Flannery calls the new structure, which will cost $1.5 million to implement but save around $3 million a year, “programme and platform agnostic” and says it is based on the philosophy of ‘make once, publish many’.

“Instead of a number of different programmes all chasing after the same story and duplicating resources, a reporter and a producer will see a story through the whole day across a number of programmes and platforms.”

So is this a logical response to the challenges of a digitised world? Or is it media homogenisation in the face of shrinking journalistic resources that merely limits the variety of content on offer? TVNZ already ‘repurposes’ stories from its broadcast arms and puts it on tvnz.co.nz; Close-Up will always take a different approach to the 6pm news; and there are already plenty of stories that flow on from one news bulletin to the next. There are, of course, some obvious changes with this new approach, but in some ways it seems slightly reminiscent of  the way Fairfax spun the closure of The Independent, saying it would enhance the business journalism offering in print and online.

Like the demise of The Independent, it also raises some interesting questions about journalism because story ideas and follow-ups will be driven from and gathered back to a central hub. When Fairfax moved a big chunk of its subbing resources to a central hub it reduced costs, but anecdotal evidence from the writers, mostly in the regions, who had their copy sent there said this centralised approach also reduced accuracy.

With information now expected almost instantly online, media speed is increasingly of the essence. And as The Independent’s Jenni McManus said on NZI Business after the closure of paper was announced, competing in this space often means being first and wrong is considered better than being late and right. As news and current affairs slowly moves away from filling pre-determined timeslots (and, if this new structure is any indication, away from filling space on dedicated shows that have specific producers and editors) and with reporting teams under increased pressure to write, voice and file from the field and provide stories for online, mobile and hourly news bulletins, it will be interesting to see if the quality of journalism seen on these many screens will decrease.

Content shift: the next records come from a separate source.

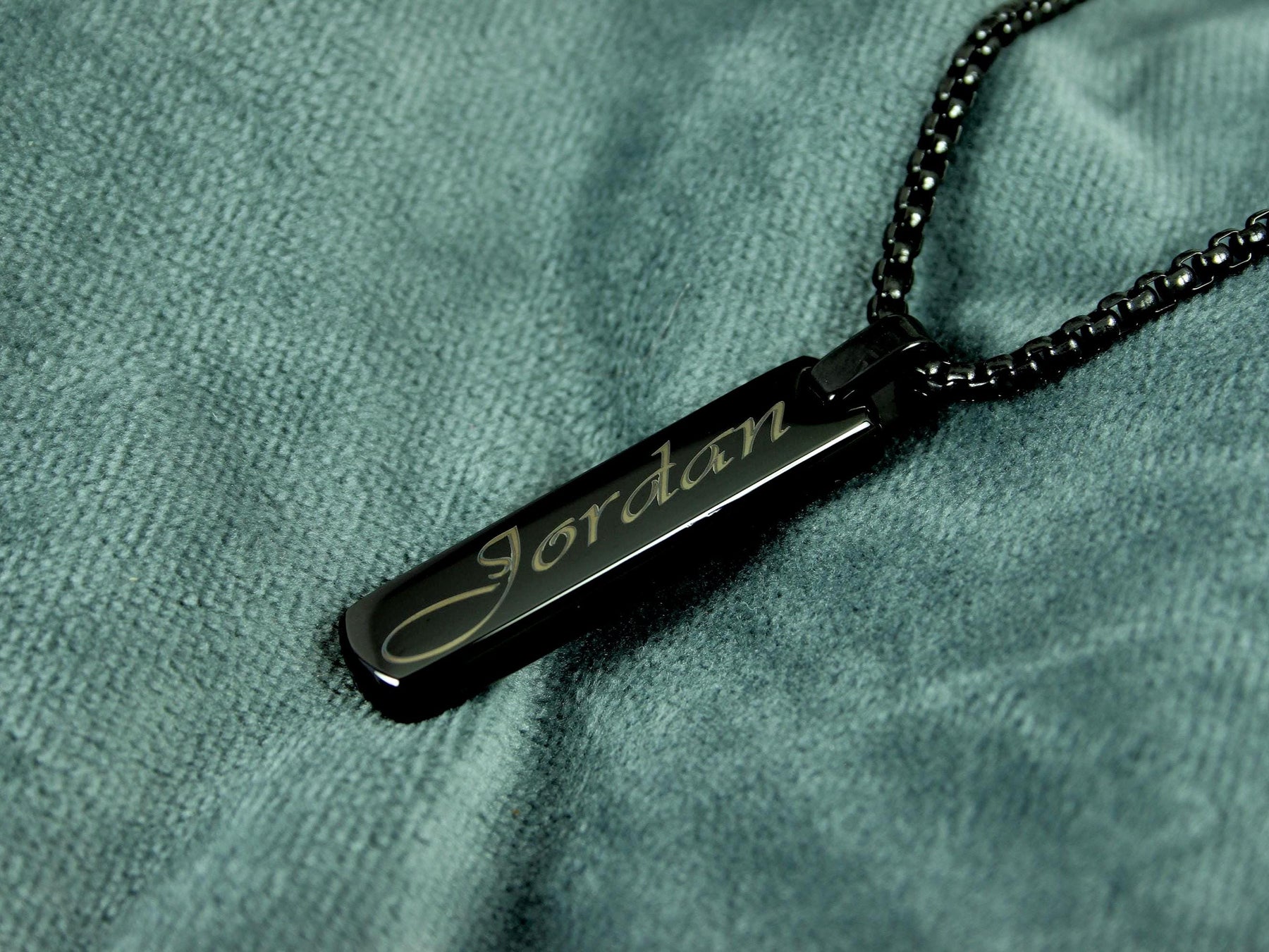 Make it personal and bold. This Black Bar Pendant Necklace is engraved with your chosen name in elegant swirly script, giving it a powerful presence with a soft, meaningful touch. Crafted in durable stainless steel with a rich black PVD coating, it’s the perfect gift for someone stylish and sentimental.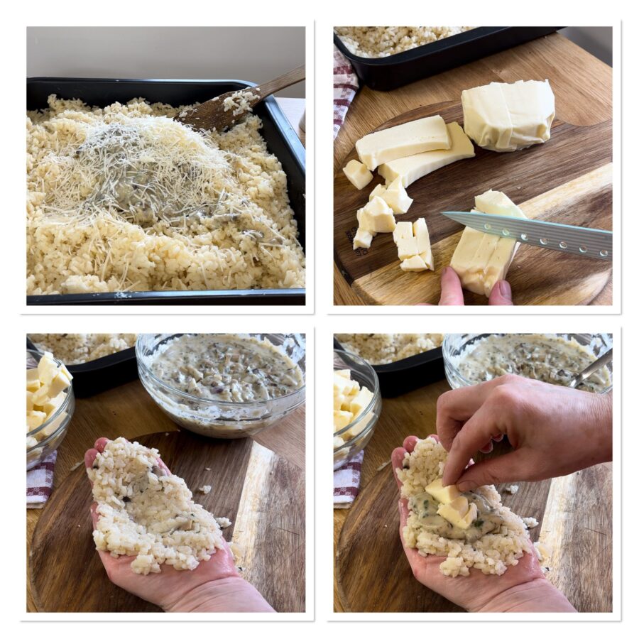 Schritte zur Zubereitung der Arancini mit Pilzen
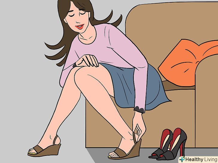 Виберіть туфлі на підборах, завдяки яким ваш образ стане більш виграшним. завдяки туфлям на підборах ви будете виглядати більш привабливо і жіночно. Виберіть туфлі на підборах або на танкетці, які будуть за кольором підходити до основного вбрання. Але перед цим переконайтеся, що ви можете спокійно їх носити! Важливо, щоб вам було в них комфортно і затишно. [5]- Наприклад, можна надіти чорні класичні туфлі на підборах зі спідницею і топом. А можна надіти туфлі на танкетці зі светром або сукнею.
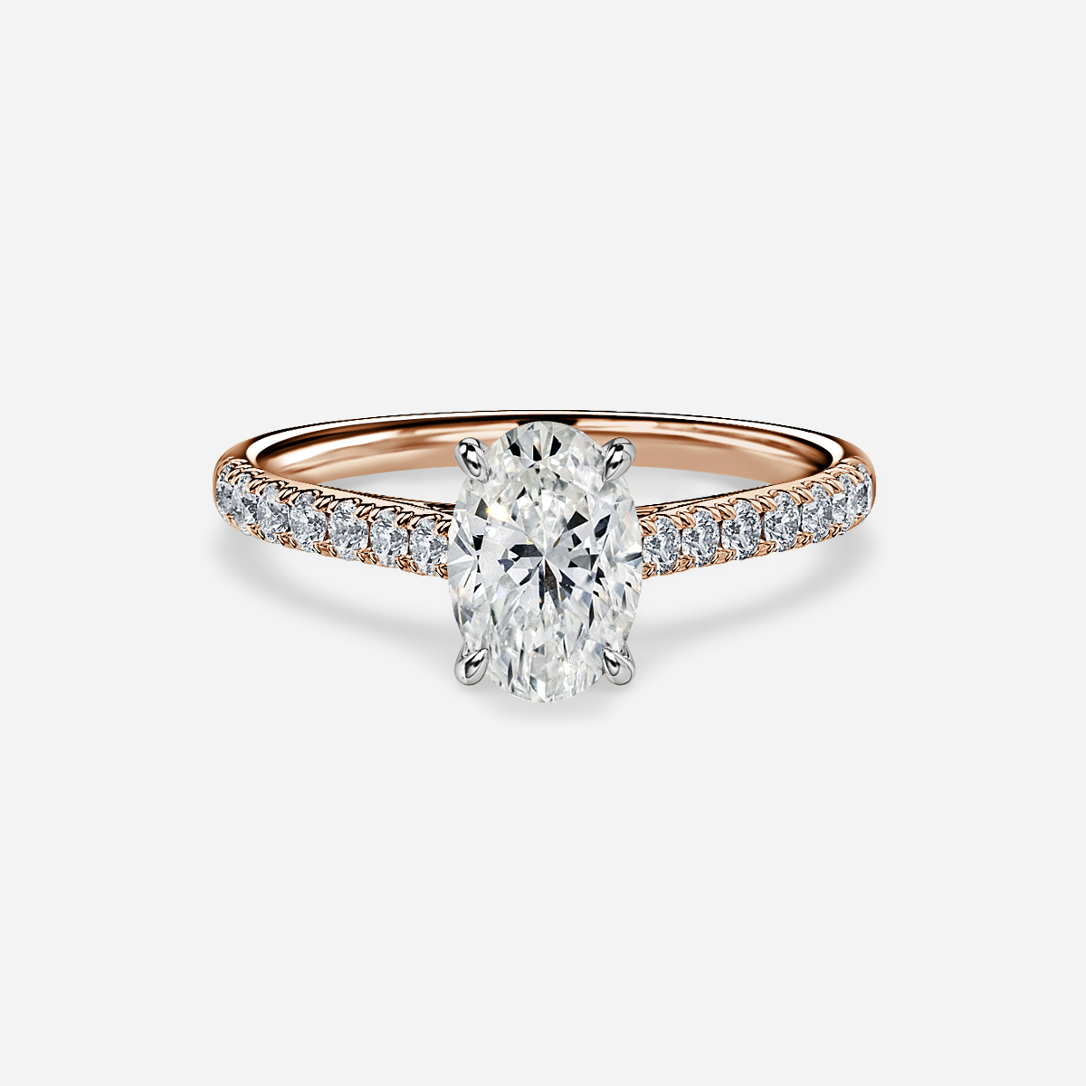 A rose gold two tone tapered diamond engagement ring features a classic claw setting, complemented by graceful micro-set round diamond shoulder stones. Handcrafted in Hatton Garden, London Centre Diamond Not Included Setting Only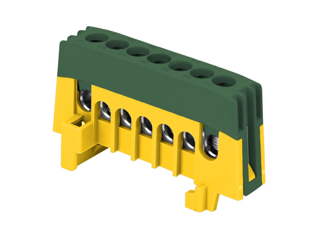 Szigetelt elosztó sín PE, 7 vezeték, zöld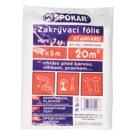 SPOKAR masking protective nylon, which is used to cover floors, furniture and other surfaces, protecting them from dirt, staining with paint, moisture, dust, etc.Ideal for use in painting and construction and repair work. The thickness of 7 microns makes it conveniently easy to carry on the one hand, and on the other hand - reliable that it will not move during operation and allow unwanted contamination. The size of 4 x 5 m is well chosen to cover the surfaces in a room of a standard home.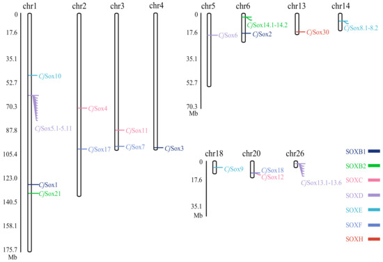 Furthermore, we determined the genomic positions of Sox genes in Japanese quail. These results indicated that the members of the CjSox gene family were randomly distributed across 11 of the 39 quail chromosomes (Figure 2). For example, there is only one Sox member located in chromosomes (chrs) 4, 5, 13, 14, 18, and 26, two Sox members located in chrs 2, 3, 6, and 20, and four Sox members (CjSox1, 5, 10, and 21) located in chr1 (Figure 2). In contrast, no Sox members are present in the remaining chromosomes. This might be considered the result of interchromosome segmental duplication [11].

Of course, TVNZ has been talking up its move to multi-screen media for a while now. Some believe the national broadcaster is rearranging the deckchairs. But in this revealing interview that featured in the latest issue of Idealog, TVNZ’s new head of digital Eric Kearley he says the future is exciting and for him it’s all about adapting to change and co-operating with what were once competitors in order to prosper.

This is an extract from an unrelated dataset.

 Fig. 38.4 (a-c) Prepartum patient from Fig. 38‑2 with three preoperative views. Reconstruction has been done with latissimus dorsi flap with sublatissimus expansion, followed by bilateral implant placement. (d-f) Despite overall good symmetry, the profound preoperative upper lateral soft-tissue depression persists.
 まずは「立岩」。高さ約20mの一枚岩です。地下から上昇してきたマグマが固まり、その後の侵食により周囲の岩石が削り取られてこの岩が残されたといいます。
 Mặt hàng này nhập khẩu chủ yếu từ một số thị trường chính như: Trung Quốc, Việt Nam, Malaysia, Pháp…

Interestingly, while big changes are afoot with TVNZ’s NCA structure, the numbers for its good old FTA TV shows are looking fairly healthy: Breakfast had its biggest increase in average audience since 1999, with ratings 20 percent higher for the first six months of this year compared to the same time last year and it also had its highest ever audience a few hours after the All Whites drew 1-1 with Slovakia.

Between January and June this year Breakfast averaged 174,000 viewers per morning compared to 122,000 viewers during the same time period in 2009 (after three fairly embarrassing journalistic mishaps as a result of the Jono Project’s media tomfoolery, maybe everyone’s watching just to see if they get punked again?). Men made up 60 percent of that growth and while the cessation of Sunrise certainly bolstered its numbers, Sunrise only had around 20,000 viewers per day, so the extra 52,000 viewers in total can’t be attributed entirely to that.

In June, the 6pm news averaged 700,000 viewers per night, Close Up notched up an extra 88,000 viewers per night than in May, Fair Go and Sunday attracted over half a million viewers per episode and, with over 200,000 viewers per night Tonight lured 40,000 more viewers on average than Nightline.

And in comparison, 3 News averaged 419,180 viewers per night and Campbell Live averaged 260,810, so there certainly hasn’t been too much trumpet blowing from the Mediaworks camp of late.